Will Hussein help us find the WMD? Look! Paris Hilton! And she's doin' stuff!
Wasn't the Iraq thing just a sideshow? Aren't we still looking for Bin Laden and the people who actually perpetrated 9/11? Who? Look! Two people died of the flu 1,500 miles away!
What happens in Iraq next? Your guess is as good as mine. And unfortunately, probably better than the people running the show.
Look, any time you can remove a tyrannical dictator from the picture, it's a Good Thing. But Bush and his people have built up such a reservoir of cynicism and badwill in me that I can't see this as the end of anything. I don't know what the right move is; no one does. So let's not have V-J day just yet.
December 10, 2003
Snow Job
So we got 18 inches of snow here, starting Friday night and ending Sunday afternoon (but not after providing New England with some frozen seafood).
And I made it to work all three shifts. And everyone I work with made it, too.
And I actually heard some whining from the public on the order of, "Why did this have to happen on Saturday? Why couldn't it happen on a day when we can get a day off?"
And it made me want to spit. You people - and you know who you are - are the ones who make up holidays, or co-opt existing holidays (Labor Day?). You're the ones who tell clerks "Have a nice weekend!" on Saturday afternoon.
You're the ones who, on the hint of snow, cram the supermarkets, buying enough milk, eggs and butter to serve French toast to the entire planet. And buying shovels (really - who in Boston needs new shovels every year?). And freaking out because you get to the video store at 11:30 on Friday night and all the Pirates DVDs are already rented out.
And you're the ones who, if it snowed on Thursday, wouldn't even get out of bed until noon.
It just boils down to this: there are two kinds of people in the world. People who find a way to get to work, and people who find a way not to go to work.
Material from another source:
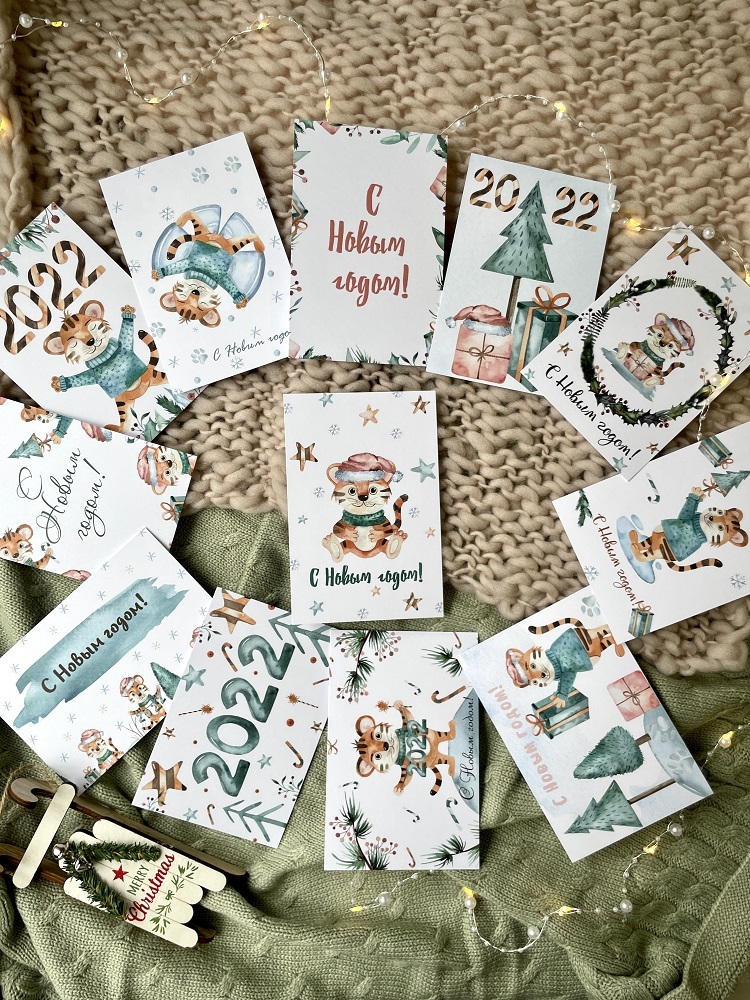 Набор новогодних открыток Тигры

And next time it snows, you might want to thank the gas station attendant, or the supermarket bagboy, or the video clerk, for having a hell of a lot better work ethic than you do.
Like I said...you know who you are. Thus endeth the rant.
December 05, 2003
Hi
So...um...how's everybody?
It's been kind of a wacky month; major changes are afoot in my offline life. So I may continue to be sporadic for the next few weeks.
But the important things:
1) I watched Birth of A Nation; I just have to find the right words to express my feelings on it.
2) John Kerry: Drop it, dude. You're just wasting time and money now.
3) Curt Schilling!
4) The Republicans are pushing to get Ronald Reagan to replace FDR on the dime. I did some quick and dirty math, and figured that if you used dimes to symbolize the growth of the national debt under Reagan, there would be a stack of dimes that stretched down I-90 from Boston to Seattle. For 445 round trips.
Back to your regularly scheduled whatever.